14. A pharmaceutical formulation comprising the amatoxin according to any one of claims 5 or 6, or , or the conjugate according to any one of claims 9 - 13 , for use in the treatment of Coronavirus-associated diseases, in particular for use in the treatment of human Coronavirus-associated diseases.

15. Use of an amatoxin according to claim 4, or use of a conjugate according to claim 10, or amatoxin for use according to claim 6, or conjugate for use according to any one of claims 10 - 13, or pharmaceutical formulation according to claim 14, wherein the Coronavirus-associated disease is selected from the group consisting of Coronavirus- associated respiratory disease, gastrointestinal disease, hepatic disease, kidney failure, central nervous system disorder, MERS, SARS and COVID-19, in particular wherein the Coronavirus-associated disease is COVID-19.
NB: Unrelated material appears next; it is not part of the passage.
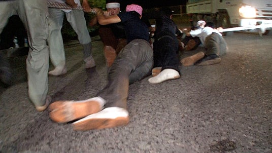 祭り本番までだんじりを曳いて練習できるのは試験びきのときだけ。それまで、夜ごとに集まってだんじりに見立てた4トントラックを綱で引く練習につぐ練習を重ねる。

16. Use of an amatoxin according to any one of claims 1 to 4, or use of a conjugate according to any one of claims 7 or 8, or amatoxin for use according to claim 5, or claim 6, or conjugate for use according to any one of claims 9 - 10, or pharmaceutical formulation according to claim 14, wherein the Coronavirus is a human Coronavirus, preferably selected from the group consisting of the human Coronavirus types HCoV- 229E, HCoV-NL63, HCoV-OC43, HCoV-HKUl, MERS-CoV, SARS-CoV and SARS-CoV-2.

17. The pharmaceutical formulation for use according to claim 14, wherein said formulation further comprises one or more excipients, preferably selected from the group consisiting of pharmaceutically acceptable buffers, surfactants, diluents, carriers, fillers, binders, lubricants, glidants, disintegrants, adsorbents, and/or preservatives.
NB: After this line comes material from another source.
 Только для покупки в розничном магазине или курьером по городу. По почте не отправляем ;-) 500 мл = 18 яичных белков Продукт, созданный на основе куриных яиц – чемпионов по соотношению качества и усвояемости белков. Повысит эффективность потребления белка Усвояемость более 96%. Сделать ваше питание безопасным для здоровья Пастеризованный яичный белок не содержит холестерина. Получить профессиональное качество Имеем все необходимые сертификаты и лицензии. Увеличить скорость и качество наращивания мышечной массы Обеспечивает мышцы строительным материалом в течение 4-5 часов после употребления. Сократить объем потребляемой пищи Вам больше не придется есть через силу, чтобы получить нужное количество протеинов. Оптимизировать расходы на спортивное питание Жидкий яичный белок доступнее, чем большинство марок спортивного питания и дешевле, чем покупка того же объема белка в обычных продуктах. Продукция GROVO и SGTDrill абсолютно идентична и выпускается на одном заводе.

18. The conjugate for use according to any one of claims 10 - 13, wherein said linker is a stable or a cleavable linker, particularly wherein said cleavable linker is selected from the group consisting of an enzymatically cleavable linker, preferably a protease- cleavable linker, and a chemically cleavable linker, preferably a linker comprising a disulfide bridge.

19. The amatoxin for use according to claim 5 or claim 6, or the conjugate for use according to any one of claims 10 - 16 or 18, wherein said amatoxin can be selected from the group consisting of a-amanitin, b-amanitin, amanin, amaninamide and analogues, derivatives and salts thereof.